*Your assignment*: From top to bottom, print the listing word for word and skip any pictures it contains.

*Data section*:

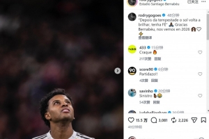 羅德里戈賽后社媒寫(xiě)道:“‘風(fēng)雨過(guò)后,陽(yáng)光總會(huì)重現(xiàn),保持信念????’感謝伯納烏,2026年再見(jiàn)?!?/p>
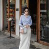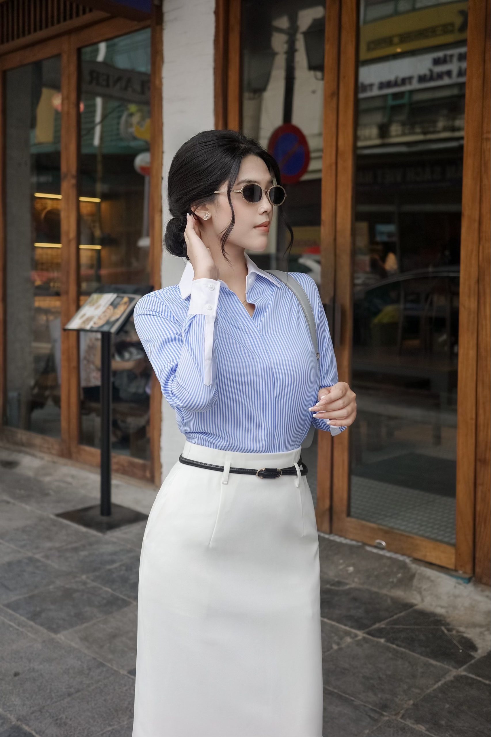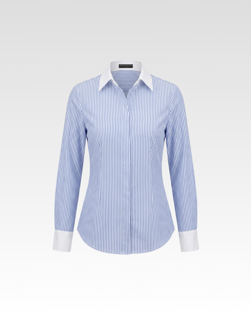 Áo sơ mi kẻ sọc xanh phối cổ áo và bo tay trắng
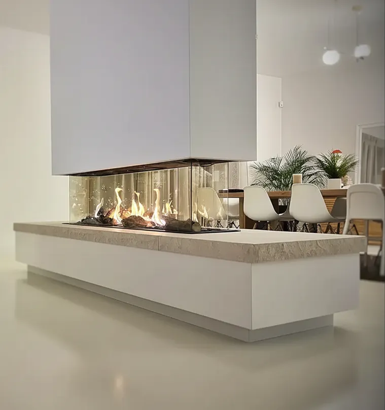 Un foyer gaz Élément 4/ Ruegg central avec 4 vitres pour séparer l’espace.

*Solution to this task*:
 羅德里戈賽后社媒寫(xiě)道:“‘風(fēng)雨過(guò)后,陽(yáng)光總會(huì)重現(xiàn),保持信念????’感謝伯納烏,2026年再見(jiàn)?!?/p>
 Áo sơ mi kẻ sọc xanh phối cổ áo và bo tay trắng
 Un foyer gaz Élément 4/ Ruegg central avec 4 vitres pour séparer l’espace.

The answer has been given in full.